Karen Charnley, Director of the All Ireland Institute of Hospice and Palliative Care said: “The survey also showed that almost three out of four people (73%) in Northern Ireland would like to be supported to discuss and write down their wishes and preferences for care at the end of life. Opportunities for people to have these ongoing discussions in a sensitive, caring and supportive way, with a skilled professional, are to be welcomed.”
Notes to editors:
- Advance Care Planning (ACP) is an umbrella term covering personal, clinical, legal, and financial planning to prepare for a person’s future care. It is an on-going process of discussion between an individual, those close to them and health care professionals that ensures that people have the opportunity to have timely, realistic and practical discussions about what matters to them and to consider and record their wishes, feelings, beliefs and values, if they wish to do so. ACP discussions or decisions will be activated at a time in the future whenever the person cannot be directly involved in decision making because of a lack of capacity or where the person is unable to communicate what their wishes are.
- Advance care planning is important for adults of any age and at any stage in life.
- The Advance Care Planning policy will be for adults aged 18 years and over with a main focus on health and social care aspects of advance care planning. An early engagement process is ongoing to inform the development of the policy prior to public consultation later this year.

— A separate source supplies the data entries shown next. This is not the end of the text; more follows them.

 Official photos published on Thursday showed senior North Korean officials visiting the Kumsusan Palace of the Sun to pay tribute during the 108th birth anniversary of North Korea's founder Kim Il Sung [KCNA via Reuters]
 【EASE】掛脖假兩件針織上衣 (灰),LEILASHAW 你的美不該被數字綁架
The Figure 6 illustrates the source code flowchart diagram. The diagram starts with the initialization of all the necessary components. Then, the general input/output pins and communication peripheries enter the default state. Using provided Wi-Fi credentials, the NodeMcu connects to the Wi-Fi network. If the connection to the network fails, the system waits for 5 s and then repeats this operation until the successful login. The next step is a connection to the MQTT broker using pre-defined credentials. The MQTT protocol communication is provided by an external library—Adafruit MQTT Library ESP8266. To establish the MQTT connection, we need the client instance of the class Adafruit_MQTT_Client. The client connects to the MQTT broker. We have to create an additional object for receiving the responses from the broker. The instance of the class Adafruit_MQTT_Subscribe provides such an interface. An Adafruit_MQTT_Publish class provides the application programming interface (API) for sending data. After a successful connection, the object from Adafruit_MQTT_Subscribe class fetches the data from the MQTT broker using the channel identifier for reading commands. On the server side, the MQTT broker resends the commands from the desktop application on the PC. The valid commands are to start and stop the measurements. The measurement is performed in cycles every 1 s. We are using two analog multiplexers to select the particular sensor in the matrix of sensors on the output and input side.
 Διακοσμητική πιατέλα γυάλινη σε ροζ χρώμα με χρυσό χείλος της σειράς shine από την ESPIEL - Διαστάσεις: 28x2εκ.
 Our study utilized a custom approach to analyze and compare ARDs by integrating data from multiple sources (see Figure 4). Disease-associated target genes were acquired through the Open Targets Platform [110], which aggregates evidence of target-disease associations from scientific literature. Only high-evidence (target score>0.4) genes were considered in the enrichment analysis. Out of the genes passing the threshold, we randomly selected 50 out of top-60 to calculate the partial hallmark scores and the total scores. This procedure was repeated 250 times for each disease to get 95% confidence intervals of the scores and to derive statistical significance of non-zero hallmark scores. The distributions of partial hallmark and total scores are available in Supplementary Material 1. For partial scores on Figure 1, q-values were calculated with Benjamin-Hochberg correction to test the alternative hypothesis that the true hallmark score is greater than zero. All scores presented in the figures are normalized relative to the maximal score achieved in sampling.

- A public health approach to palliative care recognises the role of society and community in enabling and supporting people living with life-limiting conditions, and those important to them, to live well with flexible, holistic and person-centred care. It also seeks to increase awareness, understanding and discussion around palliative care, as well as encourage and support advance care planning.
- The ‘Where are we now?’ research was undertaken by Ulster University as part of the Northern Ireland Life and Times (NILT) Annual Survey. NILT is a constituent part of ARK (Access, Knowledge, Research) which aims to support policy development and debate in Northern Ireland through providing information and critical analysis. The report can be accessed online. www.ulster.ac.uk/__data/assets/pdf_file/0012/819678/Where-are-we-now-Examining-public-knowledge-and-attitudes-towards-palliative-care-and-advance-care-planning-in-NI.pdf
- The research was based on a representative sample of adults from the NI population aged 18 years and over. A total of 1,201 interviews were conducted as part of Phase 1. Participants were invited to contribute further to a series of focus groups and one-to one interviews. A total of 25 participants participated in the further qualitative research elements.
- In July 2020, a sample population of 500 people across Northern Ireland were surveyed by iReach Insights for the All Ireland Institute of Hospice and Palliative Care. The survey provides an insight into the understanding of palliative care, how comfortable adults in NI are with discussing palliative care and how much of an impact the COVID-19 pandemic has had on their thoughts of palliative care. The report can be accessed online.